Lucence 04/27 Update SLTechnology News&Howtos

Lucence

2025-04-27 Update From: SLTechnology News&Howtos shulou NAV: SLTechnology News&Howtos > Network Security >

Shulou(Shulou.com)06/01 Report--

Lucene is a sub-project of apache Software Foundation 4 jakarta project team, is an open source full-text search engine toolkit, but it is not a complete full-text search engine, but a full-text search engine architecture, provides a complete query engine and indexing engine, part of the text analysis engine. The purpose of Lucene is to provide an easy-to-use toolkit for software developers.

Paste this sentence to show that Lucene is just a toolkit, a search engine toolkit.

Some people may ask the difference between Lucene and solr. Solr is a search system. For example, the difference between servlet and struts2 is that Lucene is servlet,solr, just like solr,solr encapsulates Lucene.

Here's how Lucene works:

We use Lucene, but we actually use his inverted query

What is an inverted query? For instance

Xinhua Dictionary, we have all used it. Xinhua Dictionary is divided into two parts. The first part is the side head of the catalogue, and the second part is the text, a word-by-word explanation.

When we use Xinhua Dictionary, we usually look for words through the head of the side. No one looks for words in the dictionary page by page.

This is the case with the inversion of Lucene, which searches text, databases, web pages, and participles the content, like a side radical.

Emphasize again

The difference between search engine (Baidu, Google) and lucene

Search engine is an application, and lucene is a search tool class.

Name:lucene means to search for documents with the content "lucene" in the Field domain name.

Desc:lucene AND desc:java means to search for documents that include both the keyword "lucene" and "java".

It doesn't matter if you don't understand.
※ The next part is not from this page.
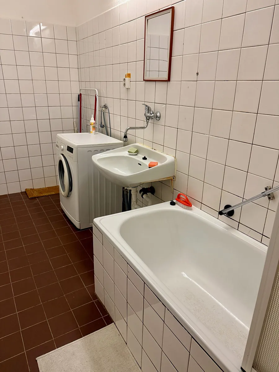Byt má samostatnou kuchyni s jídelním stolem, průchozí obývací pokoj, ložnici, koupenu s vanou a pračkou, a samostatnou toaletu.

I'll explain the relationship between Doucment and Field next.

Here I use a piece of data in the database to explain

This piece of data is an document document

Each field is a Field domain

Is this saying suddenly enlightened?

Next, let's talk about the word splitter.

This lucene is created by foreigners. You know not to mention the support for Chinese. Not many foreigners also think of this. "I am Chinese" > > I am Chinese > > this effect is not what we want. What we want is words like "China" and "Chinese". Here I will not play charades. There are many Chinese word dividers on the market. I think the invincible existence is IK. This is a jar bag. Just import the project, saying that he is invincible because he can add his own words, such as "loser" and "rich and handsome", which can be added to the word separator to be recognized by the program.

This is the bag to be used.

After downloading ik, import these three files into the project, ext.dic is added, stop is stop word.

The previous ones are all Lucece's theories, and only the theories are understood, so the following code implementation process is easy.

/ / participle testCreateIndex () BookDao bookDao = List listBook = List documents = ArrayList Document doc = doc.add (TextField ("id", String.valueOf (bk.getId ()), Store.YES)) Doc.add (TextField ("name" doc.add) (TextField ("price" doc.add) (TextField ("pic" doc.add) (TextField ("desc" Analyzer analyzer = IndexWriterConfig config = Directory directory = FSDirectory.open (File ("H:\\ temp" IndexWriter writer = / / check serachIndex () Analyzer analyzer = QueryParser queryParser = QueryParser ("desc" Query query = queryParser.parse ("desc: Java AND lucene "Directory directory = FSDirectory.open (File (" H:\\ temp "IndexReader indexReader = IndexSearcher indexSearcher = TopDocs topDocs = indexSearcher.search (query) 10 System.out.println ("Total number of data items queried is:" + ScoreDoc [] docs = docID = Document doc = System.out.println ("docID:" + System.out.println ("bookid:" + doc.get ("id) "System.out.println (" pic: "+ doc.get (" pic "System.out.println (" name: "+ doc.get) (" name "System.out.println (" desc: "+ doc.get) (" desc "System.out.println (" price: "+ doc.get (" price "})

Welcome to subscribe "Shulou Technology Information " to get latest news, interesting things and hot topics in the IT industry, and controls the hottest and latest Internet news, technology news and IT industry trends.

*The comments in the above article only represent the author's personal views and do not represent the views and positions of this website. If you have more insights, please feel free to contribute and share.